» **Exercise**: Please print every record below exactly as it appears, but leave out the pictures.

________________

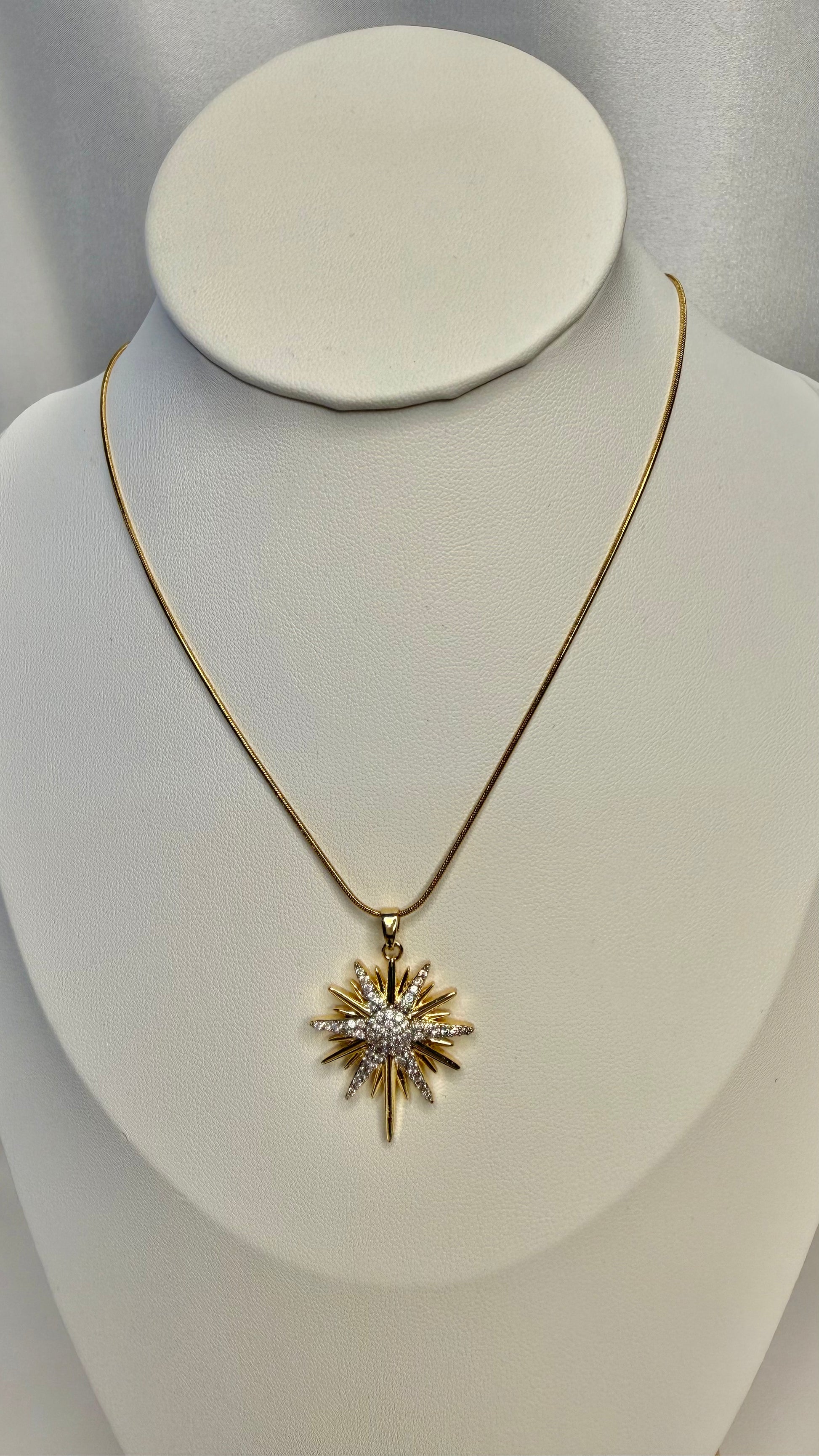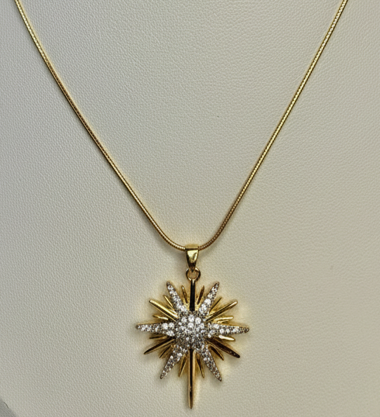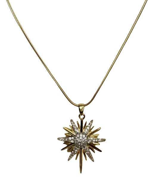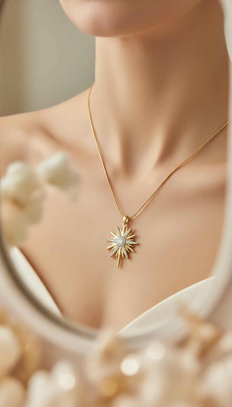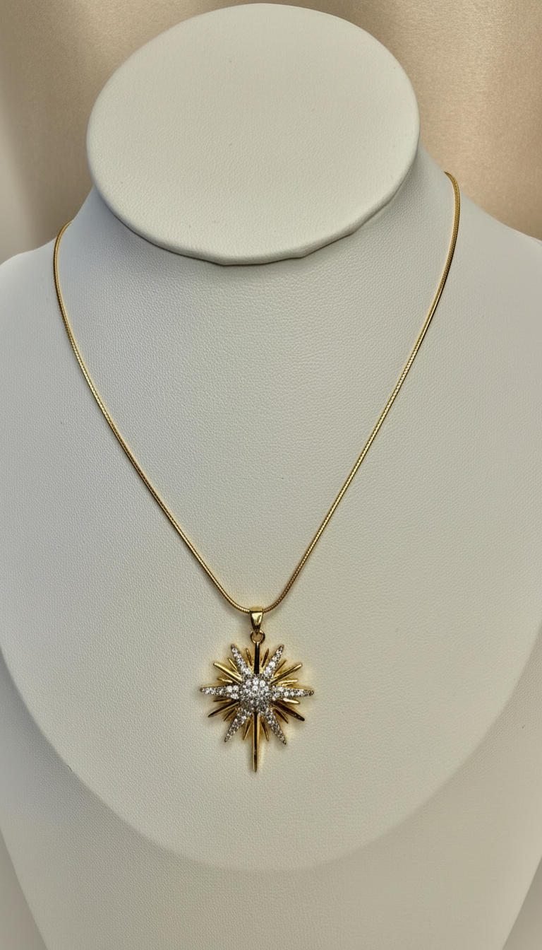 عقد أنيق بتصميم نجمة مشعّة، يجمع بين البساطة والفخامة ليمنحك لمسة راقية تبرز جمال إطلالتك في كل مناسبة. قطعة لافتة تعكس الضوء وتضيف إحساسًا بالفخامة والتميّز.
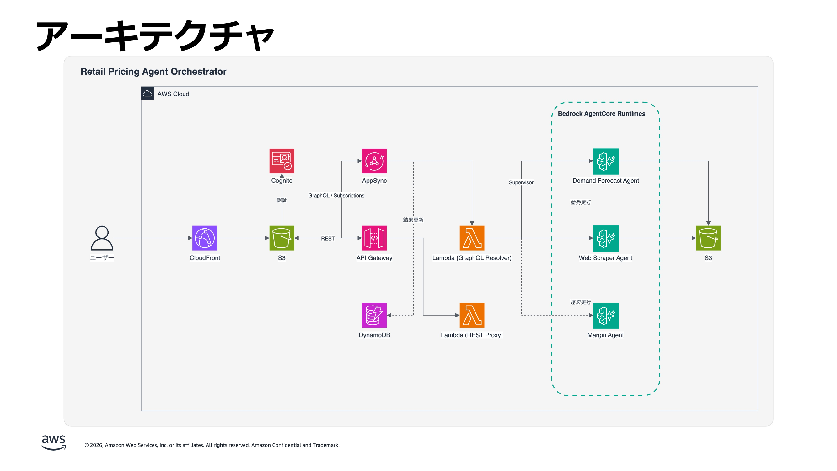 - Retail Pricing Agent:競合調査・需要分析・価格決定の3つのエージェントが連携し、生成 AI で価格戦略を自動化するデモをご紹介しました。(Retail Pricing Agent 詳細資料)
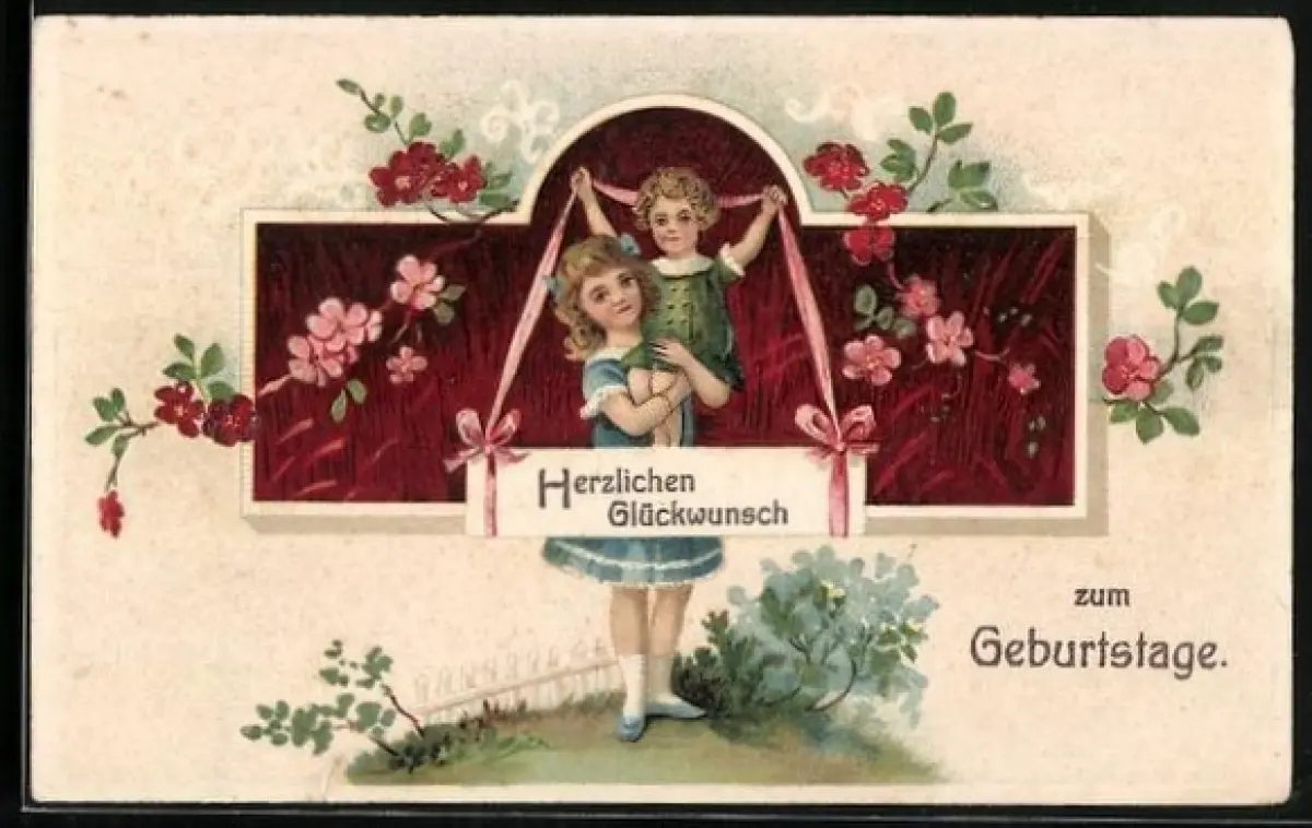 AK Knabe und Mädchen gratulieren zum Geburtstag
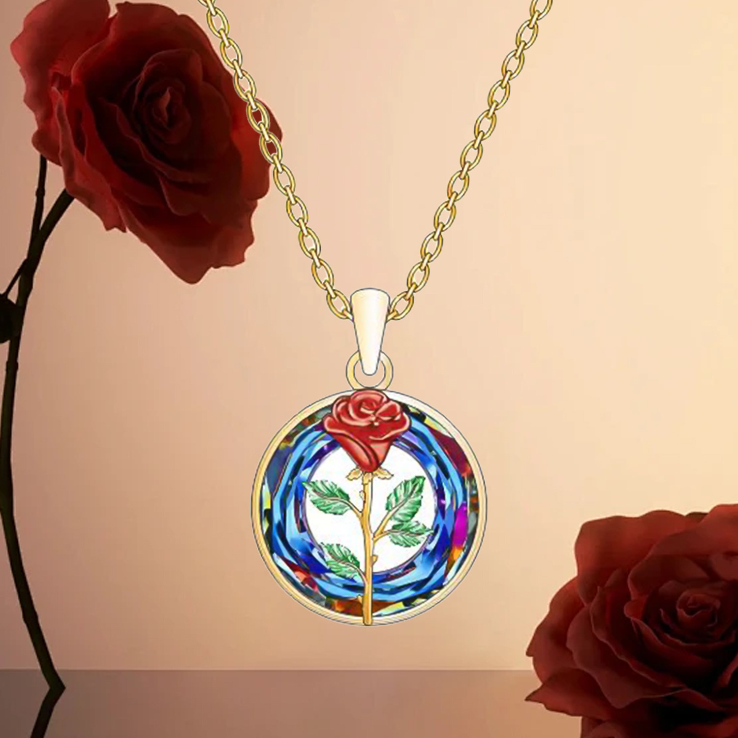 アマゾンの祝日のペンダントの青い丸い生命の木の赤いバラの緑の葉のバレンタインデーのネックレスのアクセサリー
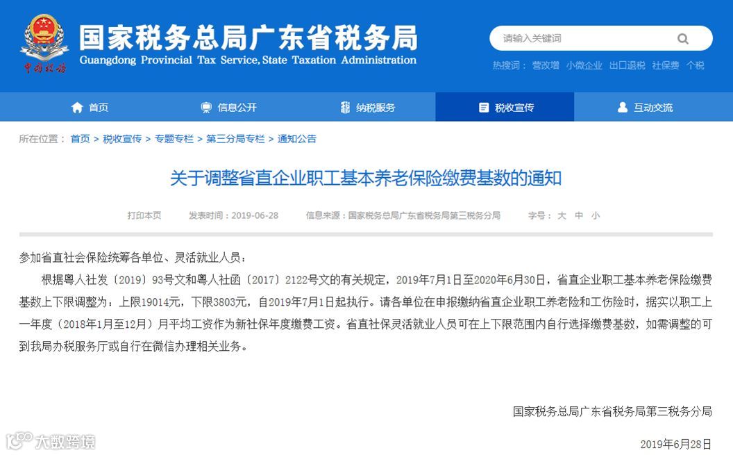 2019年社保缴费基数调整详细表
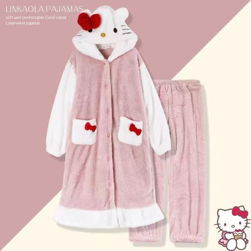 着ぐるみパジャマ キャラクター ハローキティ スリープウェア ベルベット 厚手 バスローブ かわいい 冬用 ワンピース スリーピングローブ ロング セット 韓国ファッション
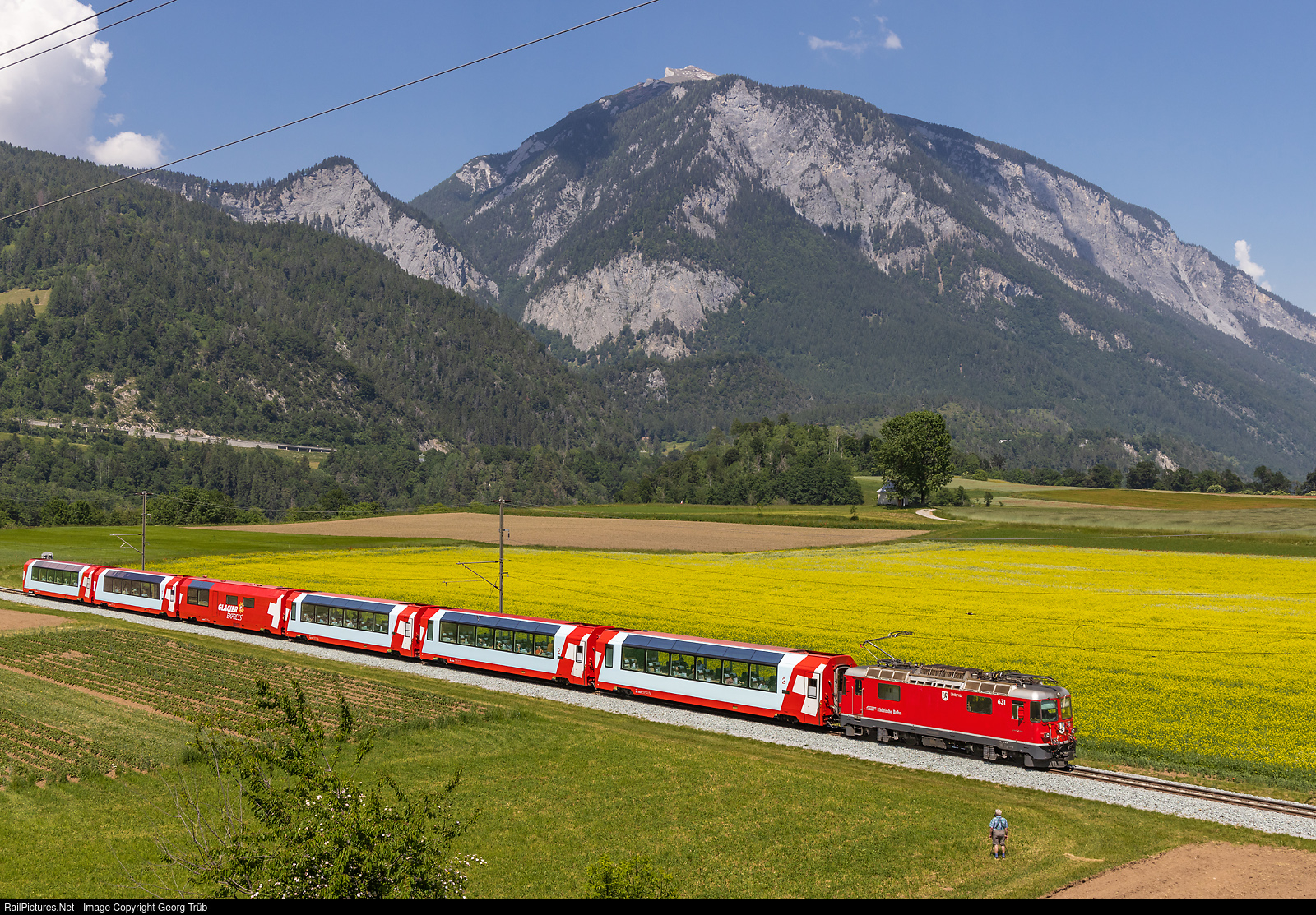 Ge 4/4 II # 631 of the Rhaetian Railway pull the PE 902 GLACIER EXPRESS Zermatt-Brig-Andermatt-Disentis-Chur-Albula-St.Moritz, on the lap between Chur and St.Moritz, between Reichenau-Tamins and Bonaduz. Train enthusiast Ernst of Fidaz is shooting a video of the train.

________________

» **Response to the exercise**:
 عقد أنيق بتصميم نجمة مشعّة، يجمع بين البساطة والفخامة ليمنحك لمسة راقية تبرز جمال إطلالتك في كل مناسبة. قطعة لافتة تعكس الضوء وتضيف إحساسًا بالفخامة والتميّز.
 - Retail Pricing Agent:競合調査・需要分析・価格決定の3つのエージェントが連携し、生成 AI で価格戦略を自動化するデモをご紹介しました。(Retail Pricing Agent 詳細資料)
 AK Knabe und Mädchen gratulieren zum Geburtstag
 アマゾンの祝日のペンダントの青い丸い生命の木の赤いバラの緑の葉のバレンタインデーのネックレスのアクセサリー
 2019年社保缴费基数调整详细表
 着ぐるみパジャマ キャラクター ハローキティ スリープウェア ベルベット 厚手 バスローブ かわいい 冬用 ワンピース スリーピングローブ ロング セット 韓国ファッション
 Ge 4/4 II # 631 of the Rhaetian Railway pull the PE 902 GLACIER EXPRESS Zermatt-Brig-Andermatt-Disentis-Chur-Albula-St.Moritz, on the lap between Chur and St.Moritz, between Reichenau-Tamins and Bonaduz. Train enthusiast Ernst of Fidaz is shooting a video of the train.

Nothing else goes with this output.